MATERIAL SHOWN ->
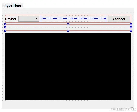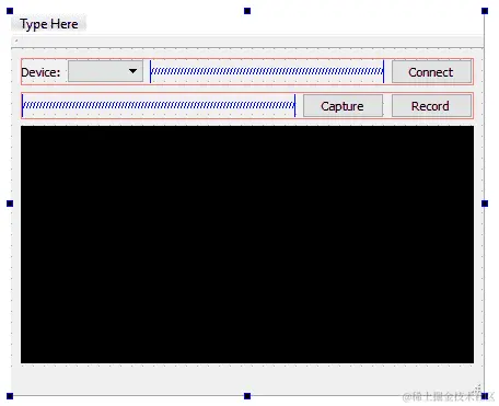 这一步是可选的;我们将其背景设置为黑色,只是为了指示取景器的位置。完成后,让我们在 QFrame 上方再添加一个水平布局,如下所示:
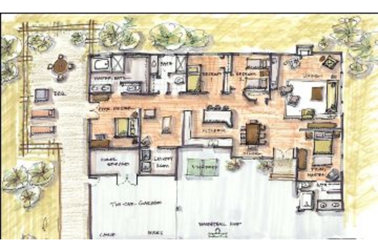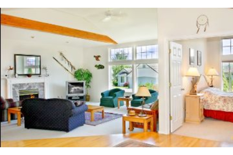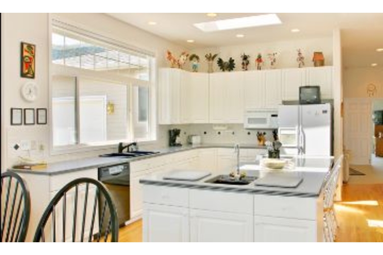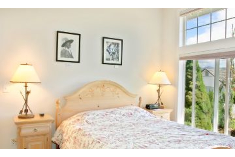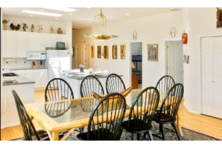 This home is 3,000 square feet and has a maximum occupancy of 11 people. Its four large bedrooms are all located on one level. The master bedroom has a luxurious queen sized bed. In the other three guestrooms, you will find another queen, a full and three twin sized beds. Plus, you can fold out the sleeper sofa for two more guests. This western home also offers both a living room and a den, each with its own TV and VCR, that way you can relax watching one program in the evening and the children can watch another. Why not make the evening perfect by making some popcorn for everyone in the open gourmet kitchen with its country tile table and state-of-the-art appliances. Deep carpeting and beautiful wood floors, as well as an impressive art collection, all make this home very special. Its bathrooms are large and sunlit with soft towels and a master whirlpool tub.Surrounding Description
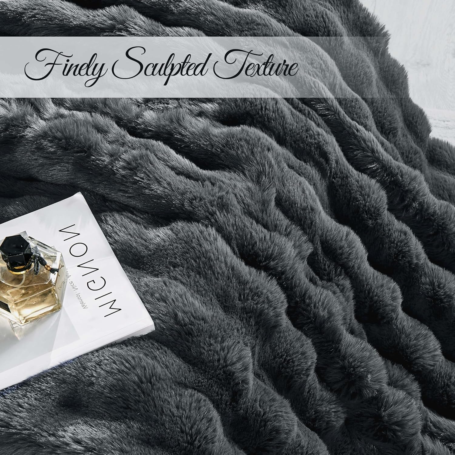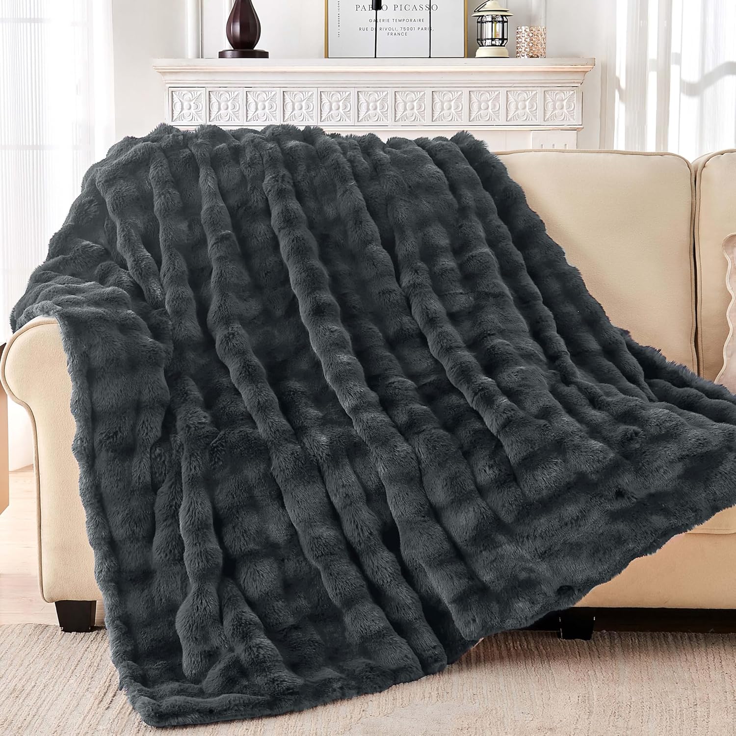 Luxury Faux Rabbit Fur Throw Blanket, Soft Bubble Fluffy Blanket Cozy Fuzzy Throw Blankets for Bed Sofa Couch, Decorative Thick Warm Plush Fuzzy Elegant Soft Mink Blanket (50" x 60", Grey)
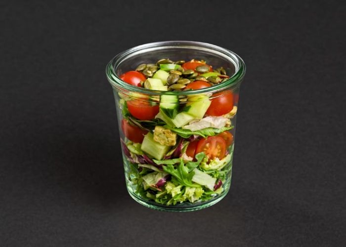 Gartensalat | Kirschtomate | Gurke | Kürbiskerne | Kräuter-Dressing | vegan
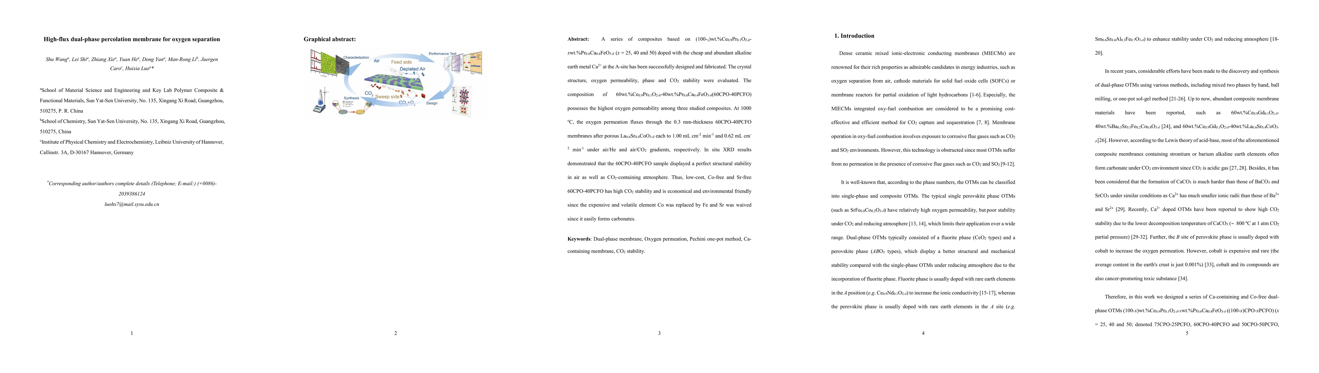 A series of composites based on (100-x)wt.%Ce0.9Pr0.1O2-{\delta}-xwt.%Pr0.6Ca0.4FeO3-{\delta} (x = 25, 40 and 50) doped with the cheap and abundant alkaline earth metal Ca2+ at the A-site has been successfully designed and fabricated. The crystal structure, oxygen permeability, phase and CO2 stability were evaluated. The composition of 60wt.%Ce0.9Pr0.1O2-{\delta}-40wt.%Pr0.6Ca0.4FeO3-{\delta}(60CPO-40PCFO) possesses the highest oxygen permeability among three studied composites. At 1000 oC, the oxygen permeation fluxes through the 0.3 mm-thickness 60CPO-40PCFO membranes after porous La0.6Sr0.4CoO3-{\delta} each to 1.00 mL cm-2 min-1 and 0.62 mL cm-2 min-1 under air/He and air/CO2 gradients, respectively. In situ XRD results demonstrated that the 60CPO-40PCFO sample displayed a perfect structural stability in air as well as CO2-containing atmosphere. Thus, low-cost, Co-free and Sr-free 60CPO-40PCFO has high CO2 stability and is economical and environmental friendly since the expensive and volatile element Co was replaced by Fe and Sr was waived since it easily forms carbonates.
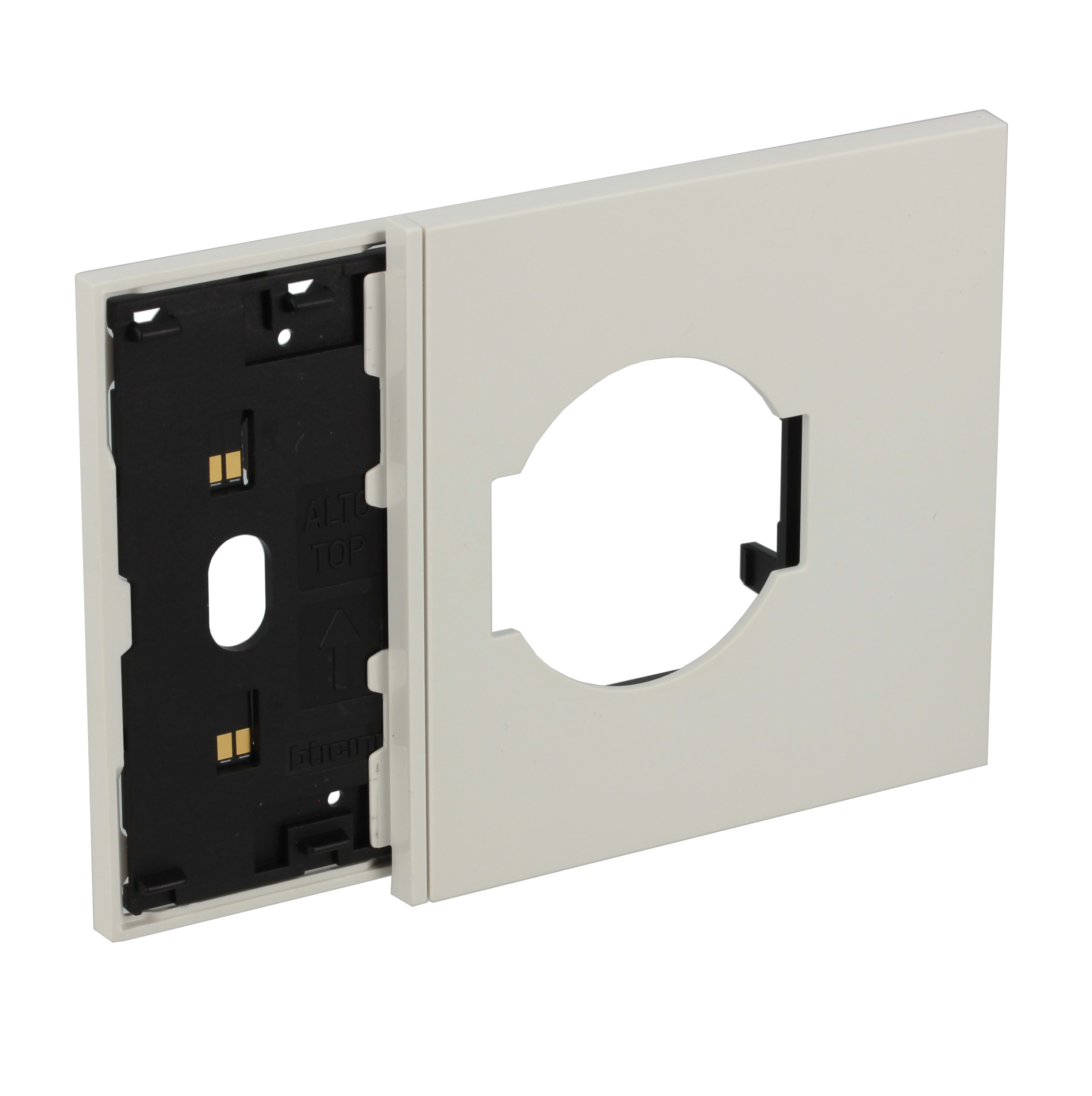 Frame elettrificato con mostrina presa standard italiano e tedesco, per l’installazione di 1 comando digitale e di una presa 2P+T (articoli compatibili: KW4140A16, KW4140A16F). Installazione in scatola da 3 moduli con supporto K4703. Colore bianco.
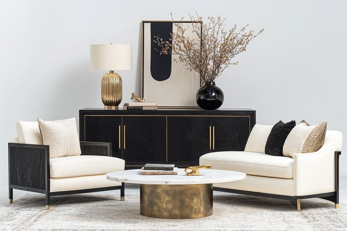 Создано на основе запроса: minimalist style luxe modern furniture shoot, cream modular base legless 1-seater sofa, black wood credenza with
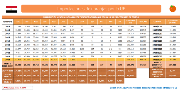 "De stijging is voornamelijk toe te schrijven aan de toename van de import uit Egypte, aangezien de rest van de landen het vijfjarig gemiddelde niet haalde", merkt het rapport op. De import uit Egypte nam met 6,3% toe (+29.000 ton) ten opzichte van vorig jaar (toen de importgegevens al hoog waren) en met 69,3% (+199.900 ton) ten opzichte van het vijfjarig gemiddelde. Het Noord-Afrikaanse land leverde 87,1% van de sinaasappelen afkomstig uit derde landen op de EU-markt. Het vergrootte daarmee zijn marktaandeel met 19 procentpunt.

EXERCISE REQUIREMENTS -> Leave out the pictures and return every record word for word.

ANSWER AREA ->
 这一步是可选的;我们将其背景设置为黑色,只是为了指示取景器的位置。完成后,让我们在 QFrame 上方再添加一个水平布局,如下所示:
 This home is 3,000 square feet and has a maximum occupancy of 11 people. Its four large bedrooms are all located on one level. The master bedroom has a luxurious queen sized bed. In the other three guestrooms, you will find another queen, a full and three twin sized beds. Plus, you can fold out the sleeper sofa for two more guests. This western home also offers both a living room and a den, each with its own TV and VCR, that way you can relax watching one program in the evening and the children can watch another. Why not make the evening perfect by making some popcorn for everyone in the open gourmet kitchen with its country tile table and state-of-the-art appliances. Deep carpeting and beautiful wood floors, as well as an impressive art collection, all make this home very special. Its bathrooms are large and sunlit with soft towels and a master whirlpool tub.Surrounding Description
 Luxury Faux Rabbit Fur Throw Blanket, Soft Bubble Fluffy Blanket Cozy Fuzzy Throw Blankets for Bed Sofa Couch, Decorative Thick Warm Plush Fuzzy Elegant Soft Mink Blanket (50" x 60", Grey)
 Gartensalat | Kirschtomate | Gurke | Kürbiskerne | Kräuter-Dressing | vegan
 A series of composites based on (100-x)wt.%Ce0.9Pr0.1O2-{\delta}-xwt.%Pr0.6Ca0.4FeO3-{\delta} (x = 25, 40 and 50) doped with the cheap and abundant alkaline earth metal Ca2+ at the A-site has been successfully designed and fabricated. The crystal structure, oxygen permeability, phase and CO2 stability were evaluated. The composition of 60wt.%Ce0.9Pr0.1O2-{\delta}-40wt.%Pr0.6Ca0.4FeO3-{\delta}(60CPO-40PCFO) possesses the highest oxygen permeability among three studied composites. At 1000 oC, the oxygen permeation fluxes through the 0.3 mm-thickness 60CPO-40PCFO membranes after porous La0.6Sr0.4CoO3-{\delta} each to 1.00 mL cm-2 min-1 and 0.62 mL cm-2 min-1 under air/He and air/CO2 gradients, respectively. In situ XRD results demonstrated that the 60CPO-40PCFO sample displayed a perfect structural stability in air as well as CO2-containing atmosphere. Thus, low-cost, Co-free and Sr-free 60CPO-40PCFO has high CO2 stability and is economical and environmental friendly since the expensive and volatile element Co was replaced by Fe and Sr was waived since it easily forms carbonates.
 Frame elettrificato con mostrina presa standard italiano e tedesco, per l’installazione di 1 comando digitale e di una presa 2P+T (articoli compatibili: KW4140A16, KW4140A16F). Installazione in scatola da 3 moduli con supporto K4703. Colore bianco.
 Создано на основе запроса: minimalist style luxe modern furniture shoot, cream modular base legless 1-seater sofa, black wood credenza with
 "De stijging is voornamelijk toe te schrijven aan de toename van de import uit Egypte, aangezien de rest van de landen het vijfjarig gemiddelde niet haalde", merkt het rapport op. De import uit Egypte nam met 6,3% toe (+29.000 ton) ten opzichte van vorig jaar (toen de importgegevens al hoog waren) en met 69,3% (+199.900 ton) ten opzichte van het vijfjarig gemiddelde. Het Noord-Afrikaanse land leverde 87,1% van de sinaasappelen afkomstig uit derde landen op de EU-markt. Het vergrootte daarmee zijn marktaandeel met 19 procentpunt.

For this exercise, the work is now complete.